Foi por aí um alarido porque um escritor francês desconhecido declarou, em entrevista à Marie Claire, que aborrecia as mulheres com mais de 50 anos. As pessoas ocupam-se com assuntos assim. Fui ler a entrevista: a peça tem a densidade e o tamanho de um inquérito de praia e Yann Moix (assim se chama o escritor) não é agressivo nem se exibe. Confessa os seus gostos, que são, aliás, bastante estritos: só mulheres entre os 25 e os 50 anos. Mas até se declara “prisioneiro” de uma “maldição”. Tal não chegou, contudo, para aplacar as fúrias. A porta-voz do partido de Macron chamou-lhe grosseiro. Valérie Trierweiler, a mulher que foi enganada por François Hollande, citou uma capa heróica do Charlie-Hebdo sobre a falocracia. E uma jornalista parisiense publicou no Instagram a fotografia de um rabo, supõe-se que o dela. Até em Portugal houve indignação, particularmente nos jornais e nos bares da Baixa, e Ricardo Araújo Pereira dignou-se falar do assunto no Governo Sombra, o que é, honestamente, mais do que um escritor francês desconhecido pode esperar. (Fica também para RAP o prémio de Marialva do Ano pelo comentário: “Mais ficam!”)

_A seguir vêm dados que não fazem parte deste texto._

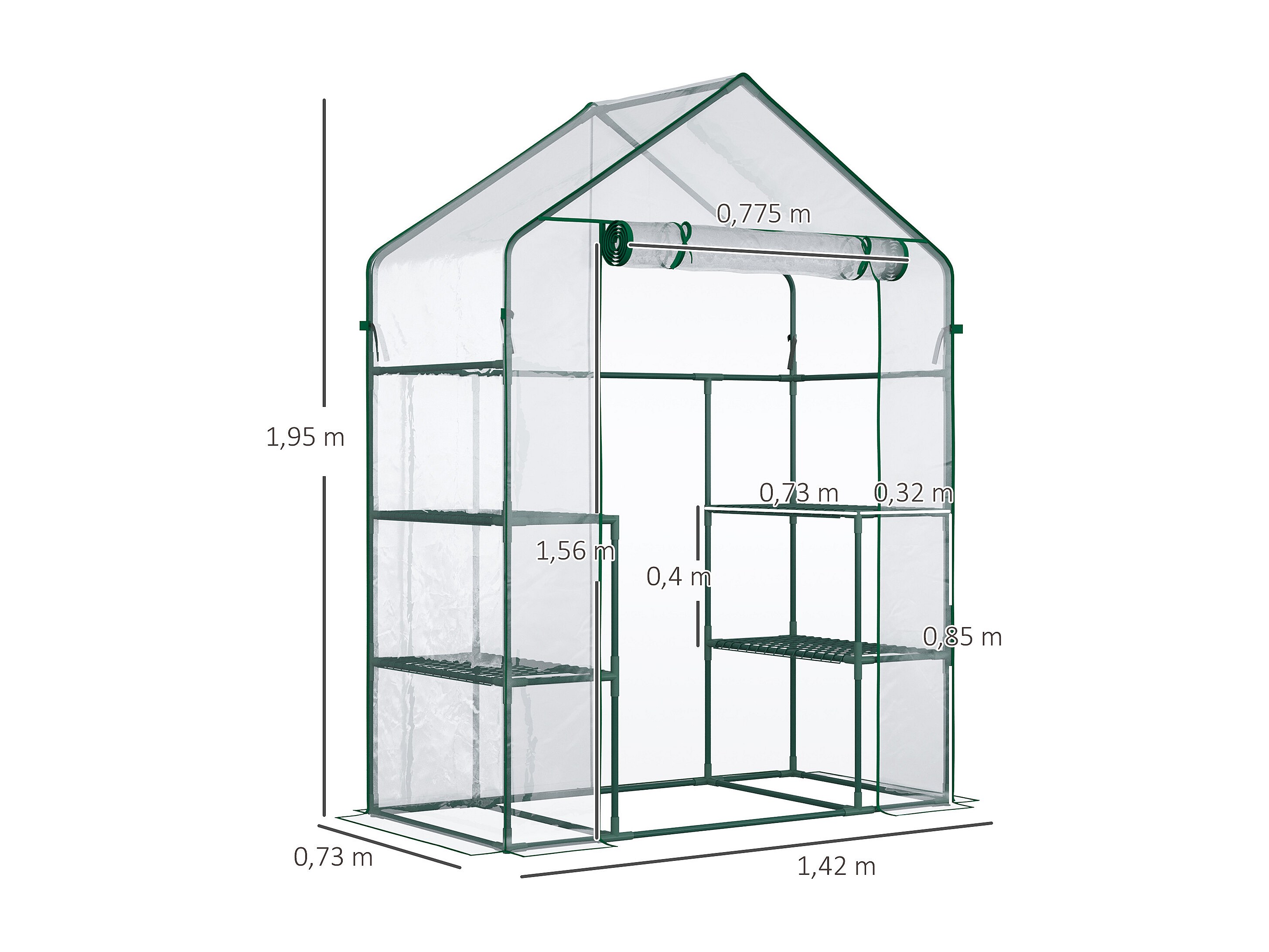 Serre de jardin 6 étagères - dim. 142L x 73l x 195H cm - porte - acier thermolaqué PVC haute densité anti-UV - transparent vert

Todo este tumulto distrai daquilo que é mais interessante no caso. Entre as afirmações de Moix na entrevista há coisas potencialmente muito mais ofensivas do que dizer que não gosta de mulheres com mais de 50 anos. Moix diz, por exemplo, que só gosta de mulheres asiáticas. E que muda periodicamente de namorada porque as mulheres “se gastam” e o desejo acaba. Por junto, temos aqui racismo e objectificação. Seria de esperar escândalo e fúria. Mas ninguém se irritou. Não houve um sobressalto! Só a questão dos 50 anos agitou os espíritos. Isto é muito interessante. A falta de reacção ao racismo, evidente no gosto exclusivo por mulheres asiáticas, pode ser explicada pelo facto de se tratar de discriminação a favor de uma “minoria”. Já se sabe que as discriminações não são todas iguais, há-as más e há-as “positivas”. Mas o desinteresse pela forma como Moix fala em mulheres “gastas”, como se falasse de um vestido fanado, é fantástico. A conclusão que se impõe é que a acusação de velhice é tão grave que anula qualquer outra ofensa. Ser velha é mais grave do que ser objecto sexual!

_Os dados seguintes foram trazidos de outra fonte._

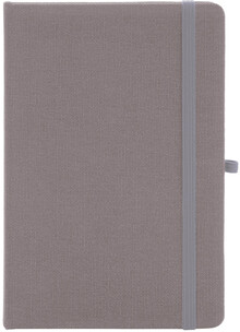 Blok potažený recyklovanou bavlnou s 80 linkovanými listy z recyklovaného papíru. Se záložkou v odpovídající barvě, gumičkou a držákem na pero. Velikost A5.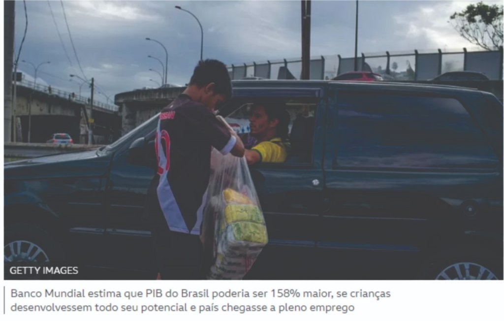 Uma criança brasileira nascida em 2019 deve alcançar em média apenas 60% do seu capital humano potencial ao completar 18 anos, calcula estudo inédito do Banco Mundial, ao qual a BBC News Brasil teve acesso.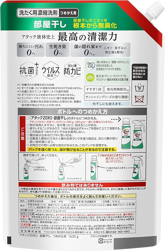 【大容量】 アタックZERO 洗濯洗剤 液体 部屋干しのニオイを根本から無臭化 部屋干し 詰め替え1620g a

Adiante. Eu entendo o francês. O problema dele não são as mulheres. O problema dele são os 50 anos. Os dele. Sendo um homem de superfícies (como se vê pela fixação que confessa pelas qualidades da pele: a cor, a textura, o uso), não lhe é fácil encontrar lenitivo para as angústias da meia idade. Isso não é contraditório com o facto de ser escritor. Em França tudo passa por literatura, desde que seja adequadamente monótono e ilegível.